Table 7 shows the optimal conditions for better MRR and Ra values using the mean table or response table for GRG. According to the study, the parameter level which has the most elevated mean worth was considered as the optimal parameter level. For simple portrayals, optimum parameter levels are mentioned in bold figure in Table 7, and Figure 9 also graphically represents the effects of process parameters.

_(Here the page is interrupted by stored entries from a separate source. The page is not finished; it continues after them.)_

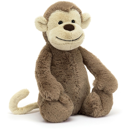 Crafted from silky smooth Bashful fur in a scrumptious creamy chocolate color, this monkey is the ultimate playtime companion. Designed to swing through the trees and bring joy, this soft toy is perfect for babies from 0 to 12 months and toddlers from 1 to 3 years. With its cuddly texture and playful nature, it’s an ideal choice for both play and comfort, making it a favorite for soft toy lovers and a comforting friend for little ones.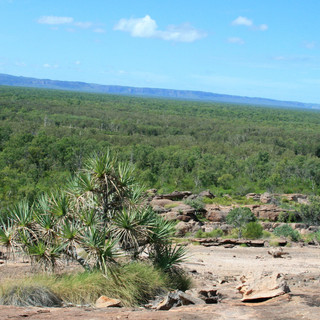 After a sleepless night in the swag listening to the billions of mosquitoes and rain through the night, we were up early and headed towards Cooinda. We stopped on our way to complete a large number of walks - Nourlangie where lots of Aboriginal art work and an Aboriginal shelter can be experienced. Here the view of the Kakadu escarpment and savannah woodlands can be experienced. Nawurlandja Lookout which was a moderate climb up the sandstone rocks to see the escarpment looking out towards Arnhem land was breathtaking. It was a view uninterrupted and all you could see was green treetops and a few billabongs. We also did the 6km round trip to Gubara Pools - very disappointing as the pools were only a pool and no swimming due to recent croc sighting.
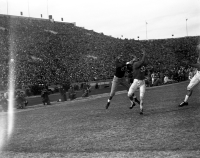Don Menasco, Texas end, leaps to intercept a pass intended for Bob Blair, Texas Christian University end, on the goal. A penalty wiped out play. Published in Fort Worth Star-Telegram morning edition November 21, 1951.
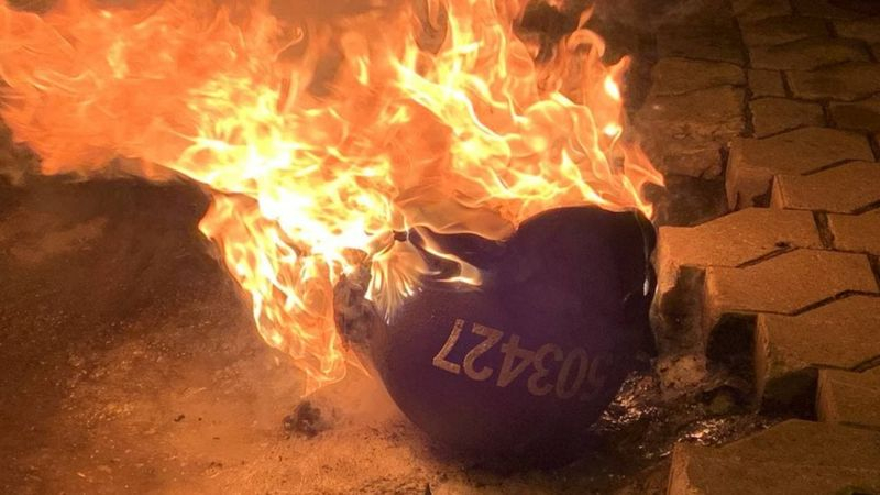 О 21:25 год демонстранти спалили кілька зірваних шоломів правоохоронців.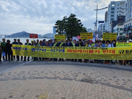 '해운대~이기대 해상케이블카 반대 범시민대책위원회'는 26일 오후 3시 광안리해수욕장 만남의 광장에서 300여 명이 참석한 가운데 발기인규탄대회를 열고 본격 활동에 들어간다고 밝혔다.

Table 8 shows the ANOVA results for GRG and it confirmed that each process parameter attained a significant effect over response parameters and it also revealed that the percentage of the weight of HNT has the maximum influence on GRG (70.561%) followed by Zr weight percentage (24.807%), Pulse ON time (1.98%), Pulse OFF time(1.20%), and wire feed (0.351%).

4. Conclusion

The WEDM studies were performed on the freshly evolved hybrid Mg-based MMCs and the accompanying conclusions were made.(i)The addition of HNT and Zr into the Mg causes a small percentage increase in density because of the higher solidity of reinforcements.(ii)An increase in hardness was accomplished by the addition of reinforcements with the Mg matrix.(iii)Machinability of composite decreases as the Wt. % of reinforcements increases.(iv)The optimal combination of input parameters identified by Taguchi-coupled GRA is lower level reinforcement percentage, pulse OFF time, pulse ON time, and higher-level wire feed rate.(v)The developed regression equation predicts a nominal error deviancy among the predicted and experimental results of both Ra and MRR.(vi)The optimal conditions recommended by GRA for attained higher MRR and lower Ra is revealed that the percentage of the weight of HNT has the greatest influence on GRG (70.561%), followed by Zr weight percentage (24.807%), pulse ON time (1.98%), pulse OFF time (1.20%), and wire feed (0.351%).

Data Availability

The data supporting the current study are given in the article.

Disclosure

The authors wish to declare and acknowledge that this article is available as a pre-print in Research Square and the same is cited in this study.

Conflicts of Interest

The authors declare that they have no conflicts of interest.